See how collaborative robots can help fight the epidemic

Date:2020-03-11
Outbreak protection, robots in action!
In this battle without gunpowder, there are both retrogrades and guardians. However, more and more "black technologies" have begun to show their skills and become a powerful weapon against viruses! Intelligent robots are not only able to measure body temperature, sterilize and avoid obstacles, but also deliver meals to patients. They replace manual work, which not only improves work efficiency, but also effectively reduces the risk of infection for medical staff.
 How do robots achieve these same operating functions as humans? Today Xiaoke will talk about the important characteristics of robots: teachability.
Teachability of collaborative robots
The control and logic of the robot are combined with its mechanism. If you think about it, this is also a human characteristic. My son is learning to tie shoelaces and he knows how to do it; he can lead me up the steps, but his body is not doing well yet. He is still in the kinesthetic learning phase. His muscle memory for sensation, touch, grip and adjustment has not yet been developed. For industrial robots, we are still in the early stages of robotics. This is not to say that without smart people putting these together, these newer robots will have similar problems as our children. The company will program the robot's brain and determine how to put decision logic in the controls, but the robot's mechanism still needs to learn kinesthetic feedback like a human.
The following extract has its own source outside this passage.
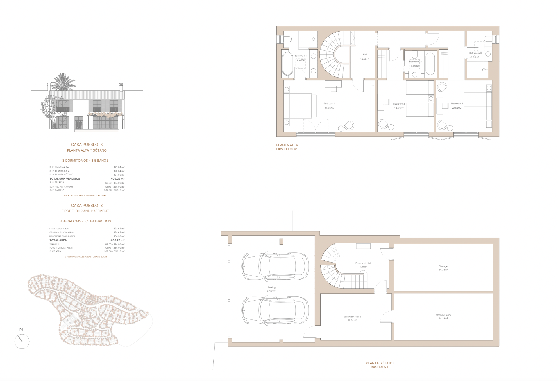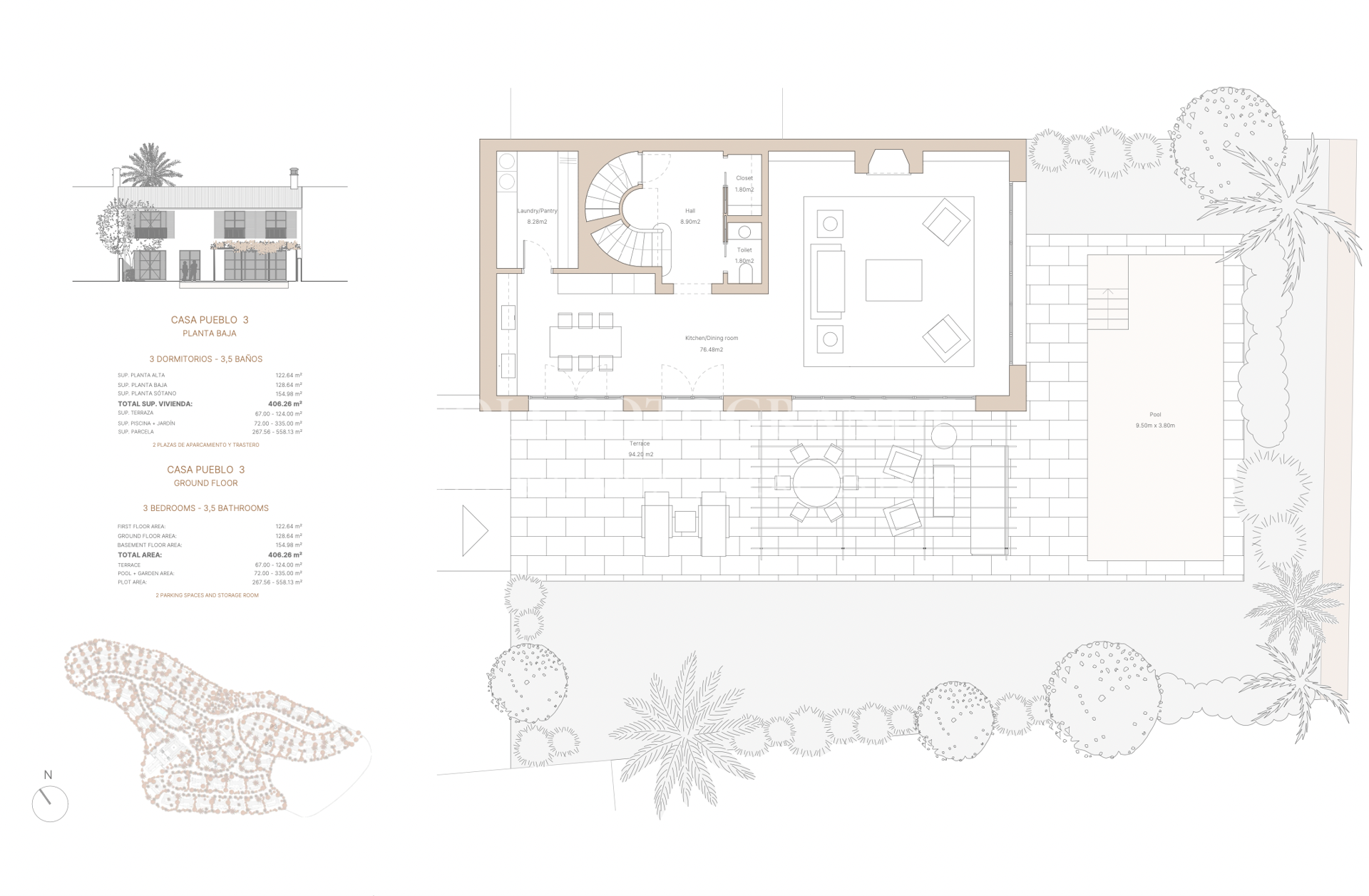 Diese luxuriöse Villa mit 3 Schlafzimmern, die zur Casa Pueblo 3 gehört, zeichnet sich durch eine einzigartige Architektur im mediterranen Stil aus. Jedes Haus bietet eine geräumige Innenfläche von 365 m² bis 398 m², mit einem Erdgeschoss von 125 m², einem ersten Stock von 119 m² und einem Untergeschoss von 120 m² bis 154 m². Der Außenbereich umfasst einen Pool und eine Gartenfläche von 72 m² bis 326 m², ergänzt durch eine Terrasse und eine Pergola von 77 m² bis 128 m².

For example, people tend to use some tricks when you pick up a large bag of sugar from the table. It usually involves sliding the bag so that your hand wraps around the smaller part of the bag and completes the lifting action. This is easy for adults, but it is a challenge for children with smaller hands. Suppose a collaborative robot can pick up that bag of sugar. How difficult is it? Will it use another arm or tool to slide its end effector under the bag? Will it slide the bag to the end of the table and balance it at the end and then lift it? Will the gripper be larger than the human hand, and will it decide to pick up the sugar packet from a wider area? Finally, how much squeezing force will it use? It needs sufficient squeezing force to lift the sugar packet, but It should not be too strong, so as to prevent the paper bag from breaking and causing sugar to spill out.
I think, like human children (and adult kinesthetic process learning), teaching robots will be based on trial and error and trial and error. The collaborative robot will lift the bag of sugar multiple times. Bags need to be placed on the table in different ways-horizontally, tiled, diagonally, upright, etc. Once the collaborative robot can pick up the sugar bag, can he pick up other objects, such as almonds? Can it pick up almonds without damaging the almonds? For the end user, the robot needs to be easy to teach and the robot's learning process Also quickly. All work depends on the design of the robot control system and the cooperation of robot joints and mechanical devices to complete the physical work.